Originally they were hung on the loop of a baby’s cradle board, to catch any harm that might pass in the baby’s direction overnight. The nettle stalk cord or sinew that formed the web would gradually dry out after a few years, and crumble away by the time the child was old enough to handle his or her own dreams. Traditionally they were dyed red, either with bloodroot or with the inner bark of a wild plum tree. The design of early photographs shows a spiral radiating from the center of a multi-spoked wheel, somewhat different from the more random pattern of modern ones–and much more like a real spiderweb.
One tradition says that dreamcatchers originated in the days when the people still lived on Turtle Island. Grandmother Spider showed them the pattern of her web at dawn, when the rising sun picks up the dew on the slender strands.
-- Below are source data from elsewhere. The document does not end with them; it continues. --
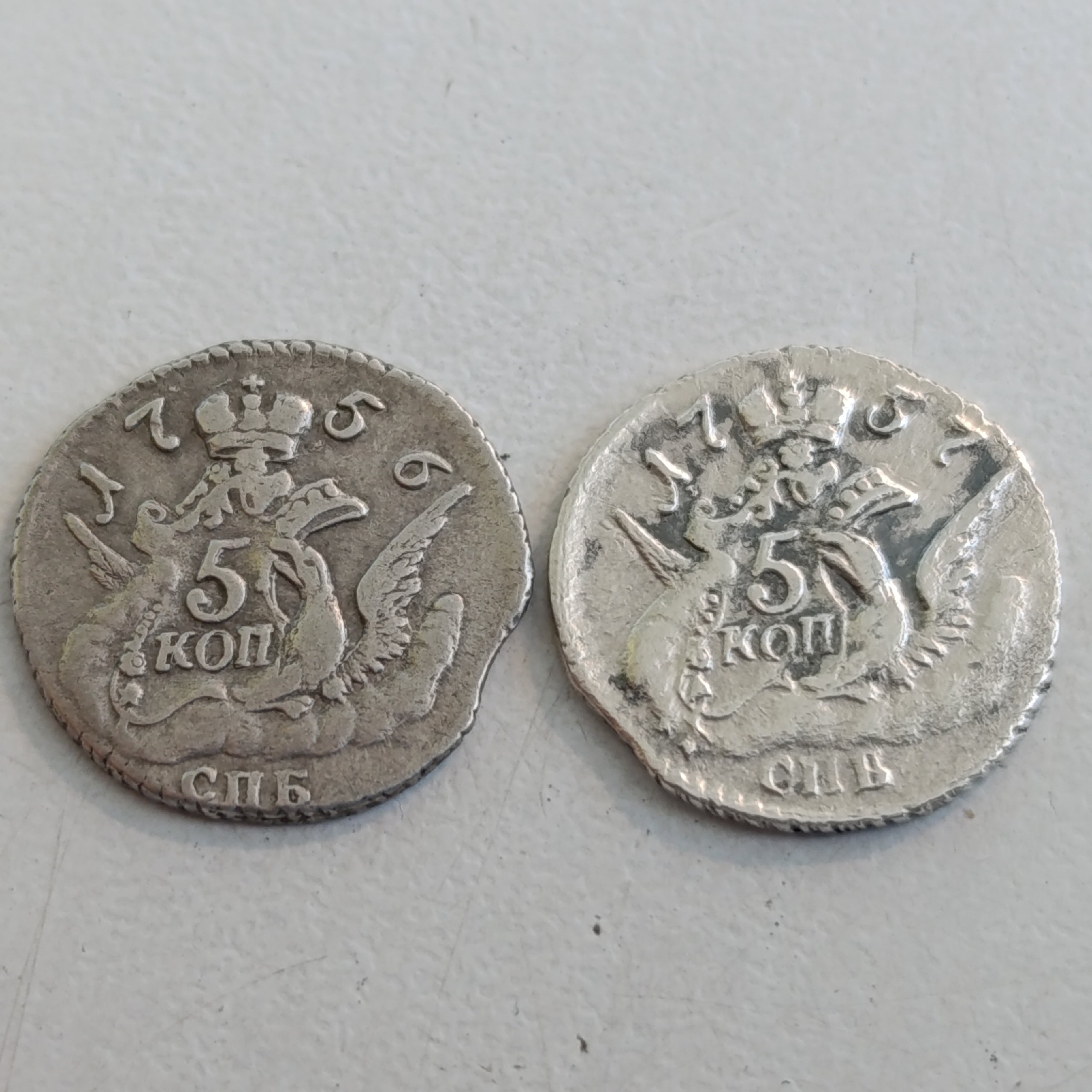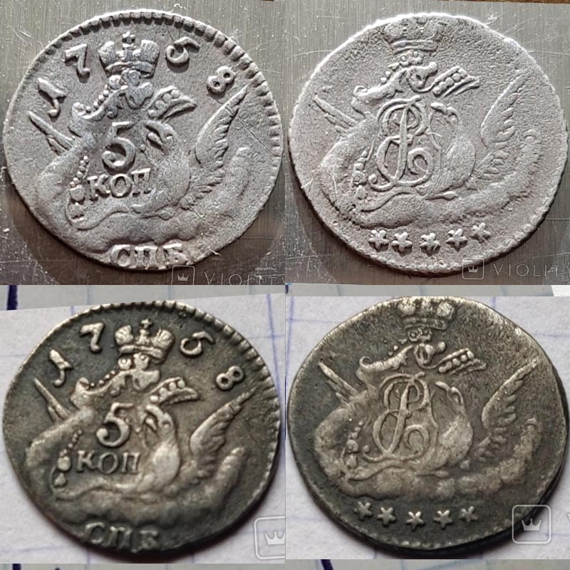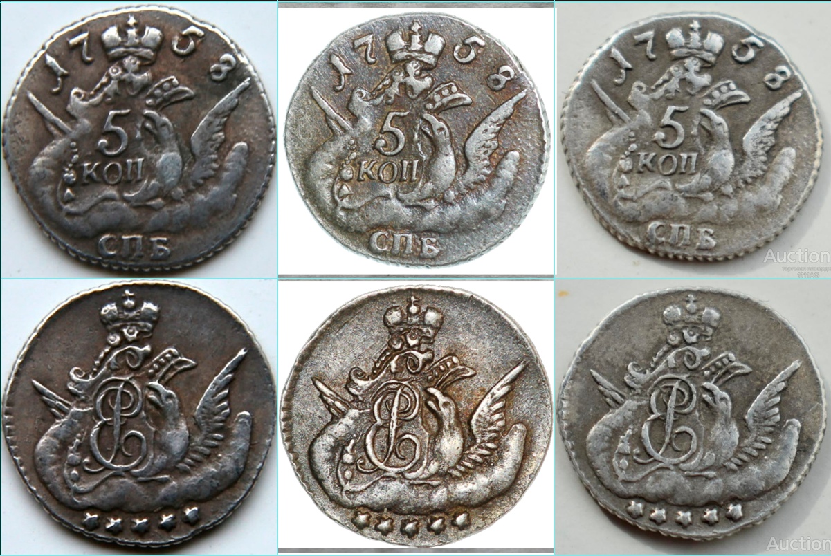 5 копеек 1756-1758 гг. СПБ — коллекция поддельных монет
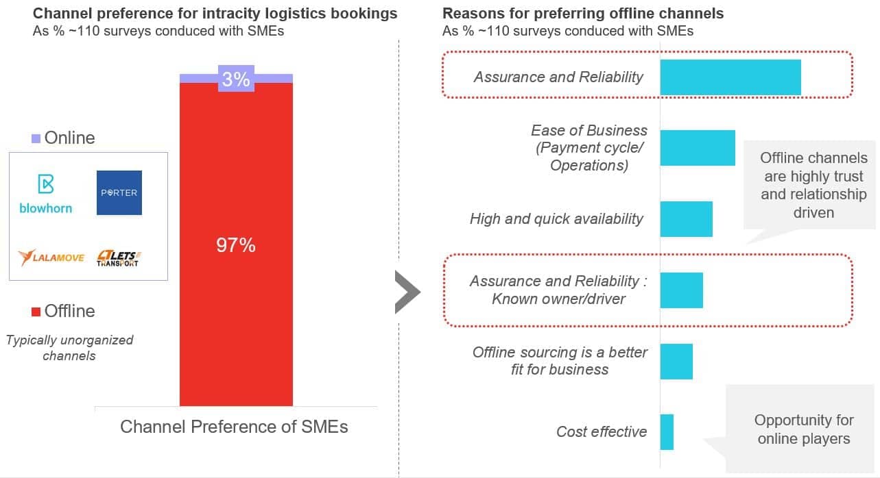 - SMEs still strongly prefer offline channels for intracity shipping, largely due to strong relationships with offline partners which drives high availability, reliability and smooth operations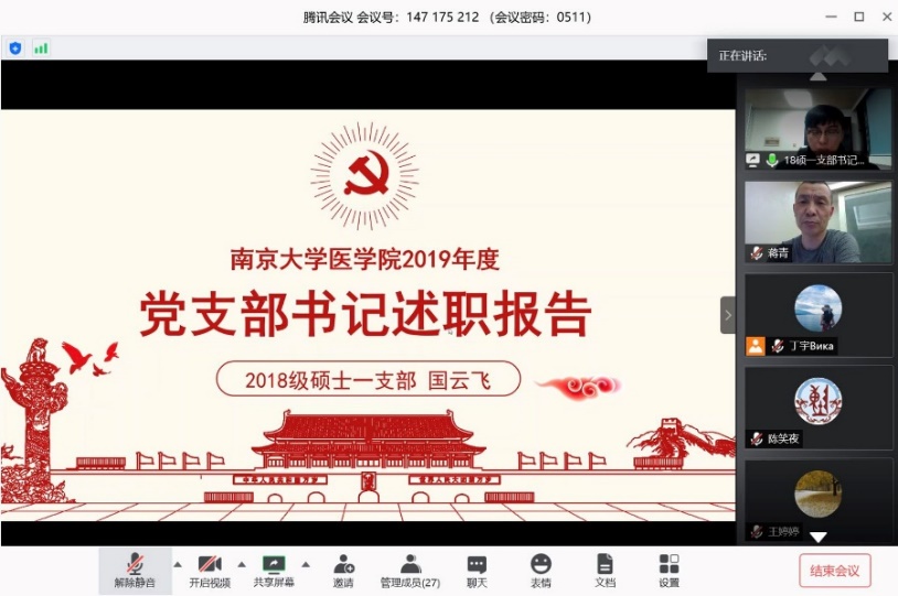 随后,8名党支部书记依次进行述职报告,围绕“不忘初心、牢记使命”主题教育开展情况、“三会一课”与主题党日等基本制度执行落实情况、凝聚服务同学情况、特色品牌党建活动开展情况等方面总结汇报了过去一年的党建工作。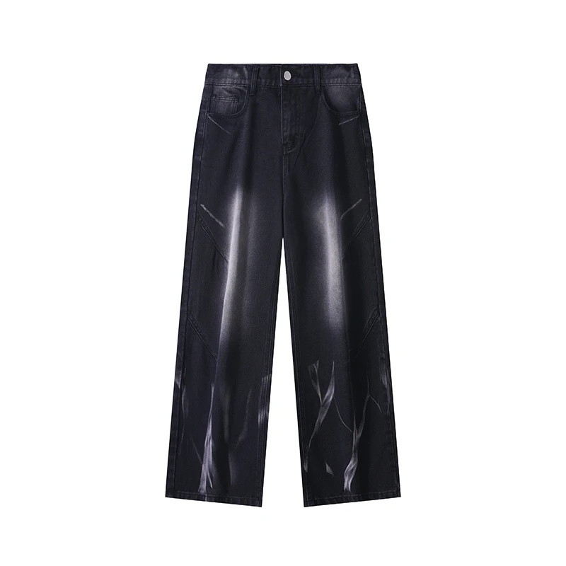 Tamp-X Oversize Baggy Celana Jeans Pria Jeans Petir Skena Hitam Denim Jumbo Loose Jeans Korean Style Kulot Straight Retro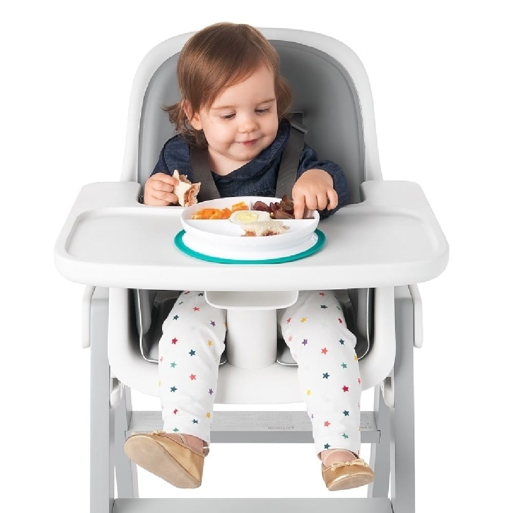 Talerzyk z przyssawka OXO to idealny model na początek rozszerzania diety dziecka i posłuży na długo. Talerzyk dla dziecka ma przegródki, które umożliwiają rozdzielenie posiłku pomiędzy 4 sekcie, podanie dań o różnych konsystencjach. Bezpieczna podstawka stabilnie trzyma talerz na blacie krzesełka lub stole, bez obaw o oderwanie go przez dziecko i zrzucenie na podłogę. Talerz z podwyższonymi rantami ułatwia dzieciom samodzielne jedzenie, które mniej wypada z talerza przy próbach nagarnięcia na łyżkę lub widelec.
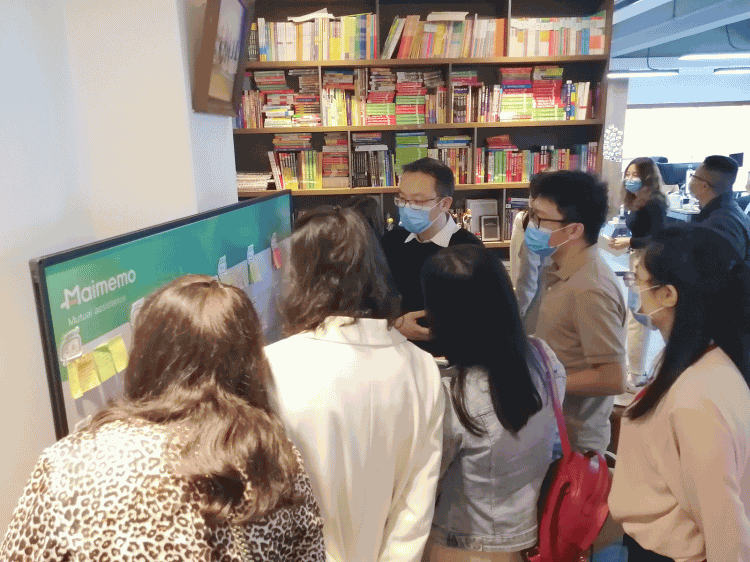 墨墨科技目前是一家主要开发英语背单词APP的科技公司,凭借过硬的业务水平、专业的产品开发技术,每年以高速的增长率占领市场,其团队协作精神、创新精神都是值得我们学习和借鉴的。在墨墨科技董事长岳校等人员的陪同下,我们参观了办公区域,这里设置了运动器材、休闲茶点区、留言板、团建留影等一系列贴心的小设施,鼓励员工面对紧张的工作也要松弛结合,多运动、多交流、多反馈。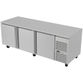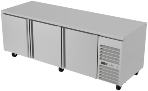 Side-Mount Refrigerated Table, 93-3/4"W x 36-1/8"D x 57"H, (4) stainless steel drawers, 30.2 cu. ft. capacity, 12 pans, 115V/60Hz, 1/3 HP, 3.0A, R290 hydrocarbon refrigerant, electronic controller with digital display, temperature range 32°F to 38°F, ambient up to 100°F/65% RH, Ecomate™ insulation, full stainless-steel exterior & interior, reversible condensing fan motor, hermetic compressor, epoxy-coated evaporator, fixed pan dividers, high-strength slides, full-length recessed handles, magnetic one-piece door gaskets, 5" casters (front with brakes), NSF-7, ETL, DOE compliant, Made in North America.
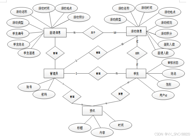 学生第二课堂积分管理小程序所拥有的数据表有以下:用户信息表、活动信息表、学生签到表,学生签退表。

Grandmother explained that she captures the sunrise on the tiny points of light that gather in the dew on her web. As a spider’s web catches insects that fly into it, so could the people make a web to hold on to spiteful spirits or nightmares until the sunlight came. Good dreams, meanwhile, would find their way through the maze-like web and slide down the feathers to the sleeper. This idea from Grandmother Spider inspired the first dreamcatchers.
It was traditional to include a feather on each one, because feathers represent air, and thus the baby would be reminded to keep breathing as it slept. Girls would get an owl feather, boys an eagle feather–symbolizing wisdom and courage, respectively. Because these feathers are now protected, gemstones are sometimes used instead, chosen to symbolize the four directions. Feathers of non-protected species decorate the hanging cords.
Dreamcatchers became a symbol of Indian unity in the ’60s and ’70s. Indeed, the dreamcatcher has become interwoven with the understanding of many tribes. For example, Lakota tradition holds that the night itself is full of dreams, both good and bad. People may use our creative powers to engineer filters, keeping a balance between these forces.
These more philosophical ideas give a rationale for using a physical object to control something as ephemeral as dreams. In the store, though, we notice that children intuitively grasp this idea. Even the word “dreamcatcher” seems to speak to something deep within us.